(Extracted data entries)
◇ ◇ ◇ ◇
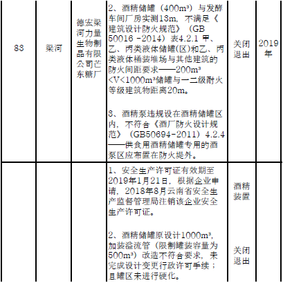五、涉及重點(diǎn)監(jiān)管危險(xiǎn)化工工藝的43戶企業(yè)、涉及重點(diǎn)監(jiān)管危險(xiǎn)化學(xué)品的107戶企業(yè)以及213個(gè)重大危險(xiǎn)源,各州市政府根據(jù)具體情況組織進(jìn)行整改。2019年10月底完成自動(dòng)化控制和安全儀表系統(tǒng)改造升級(jí)工作。2019年10月底,未單獨(dú)設(shè)置控制室的乙醇生產(chǎn)企業(yè)按照規(guī)程要求完成改造,酒精生產(chǎn)車間的易燃易爆氣體檢測(cè)報(bào)警儀與通風(fēng)風(fēng)機(jī)實(shí)現(xiàn)聯(lián)鎖。
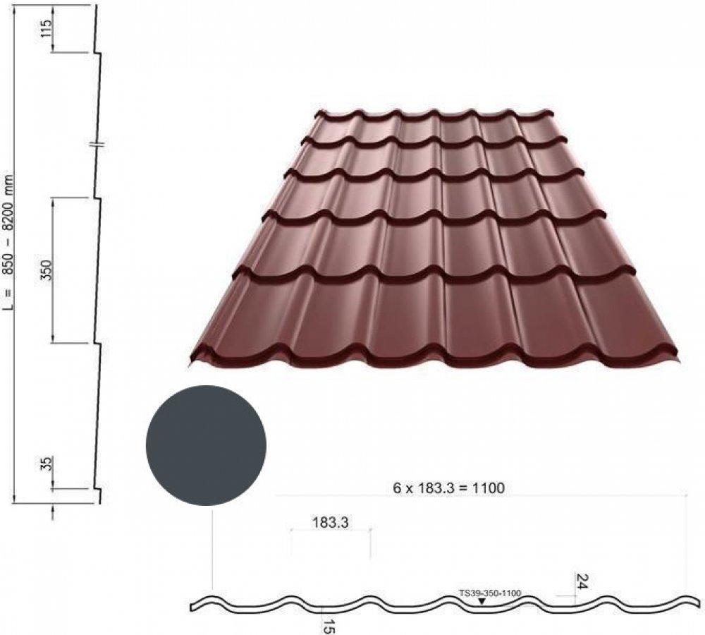 Střešní krytina Monterrey Plus je charakteristická moderní, lehce strukturovanou matnou konečnou povrchovou úpravou. Jedná se o stylovou střešní krytinu, která nejen krásně vypadá, ale také spolehlivě odolá nástrahám času. Technické údajeCelková výška: 39 mmDélka vzoru: 350 mmEfektivní šířka: 1100 mmCelková šířka: 1181 mmMaximální délka: 8200 mmMinimální délka: 850 mmTloušťka materiálu: 0,5 mmHmot...
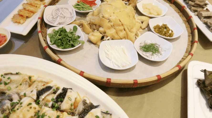 清蒸无骨山泉吊水鲩、手机先食白切鸡
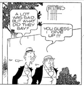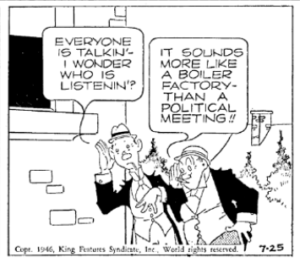 In the vintage section of Comics Kingdom Jiggs is running for mayor. Two days after our September 29 Presidential Debate the 1946 vintage rerun seemed as current as any editorial cartoons that day.
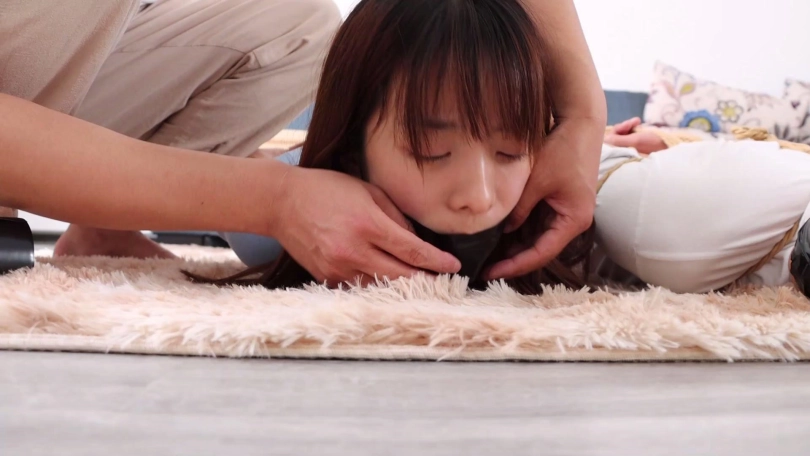 生气的劫匪将情侣二人驷马捆绑放置在沙发前地上,并说给二人换个东西塞嘴,拽出情侣二人口中原味锦纶丝袜后分别用两条丝巾塞入他们口中,并用黑色宽胶布剪下5张封嘴,再用黄色胶带和黑色弹力自粘绷带缠绕多圈将二人嘴封严实。
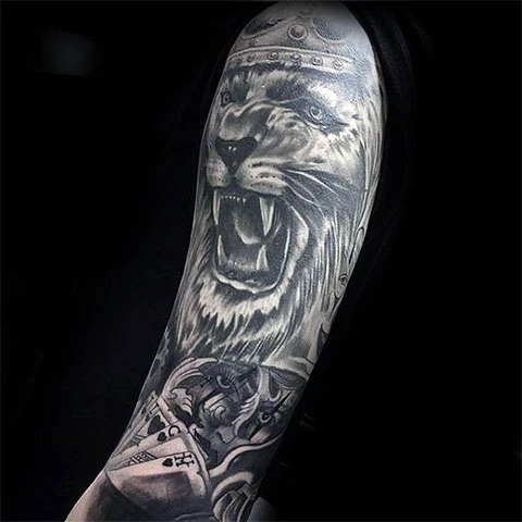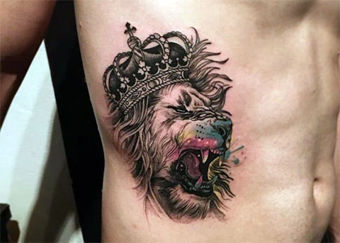 Лев с короной — мужская тату
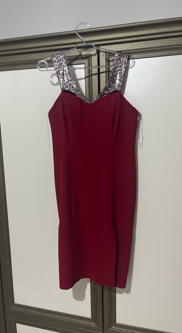 Bordo renkli, kolsuz ve V yakalı bu diz üstü elbise, vücuda oturan kesimi ve drapeli detayıyla dikkat çeker. Parlak kumaşı romantik akşamlar için uygundur. ✨
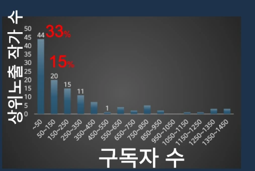 앞서 노출 명당자리를 위해 조사한 1월~4월 간 상위 노출 글의 브런치 작가 140명의 구독자 수를 조사해 보았다.
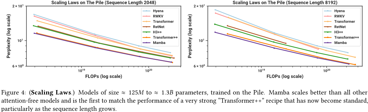 图 4 展示了在标准 Chinchilla(Hoffmann 等,2022 年)协议下,从约 1.25 亿到约 13 亿个参数的模型中的扩展规律。Mamba 是第一个不使用注意力机制的模型,其性能与现在已经成为标准的非常强大的 Transformer 模型(Transformer ++)相匹配,尤其是当序列长度增加时。(需要注意的是,由于缺乏有效的实现导致内存不足或计算需求不切实际,无法获得 RWKV 和 RetNet 基准以及此前的强循环模型(也可视为 SSM)在上下文长度为 8K 的完整结果。)
◇ ◇ ◇ ◇
### What the exercise asks
The lines from the one containing "Bordo renkli, kolsuz" through the last line above are to be repeated exactly, and only those. Any pictures must be left out.

### Exercise solution
 Bordo renkli, kolsuz ve V yakalı bu diz üstü elbise, vücuda oturan kesimi ve drapeli detayıyla dikkat çeker. Parlak kumaşı romantik akşamlar için uygundur. ✨
 앞서 노출 명당자리를 위해 조사한 1월~4월 간 상위 노출 글의 브런치 작가 140명의 구독자 수를 조사해 보았다.
 图 4 展示了在标准 Chinchilla(Hoffmann 等,2022 年)协议下,从约 1.25 亿到约 13 亿个参数的模型中的扩展规律。Mamba 是第一个不使用注意力机制的模型,其性能与现在已经成为标准的非常强大的 Transformer 模型(Transformer ++)相匹配,尤其是当序列长度增加时。(需要注意的是,由于缺乏有效的实现导致内存不足或计算需求不切实际,无法获得 RWKV 和 RetNet 基准以及此前的强循环模型(也可视为 SSM)在上下文长度为 8K 的完整结果。)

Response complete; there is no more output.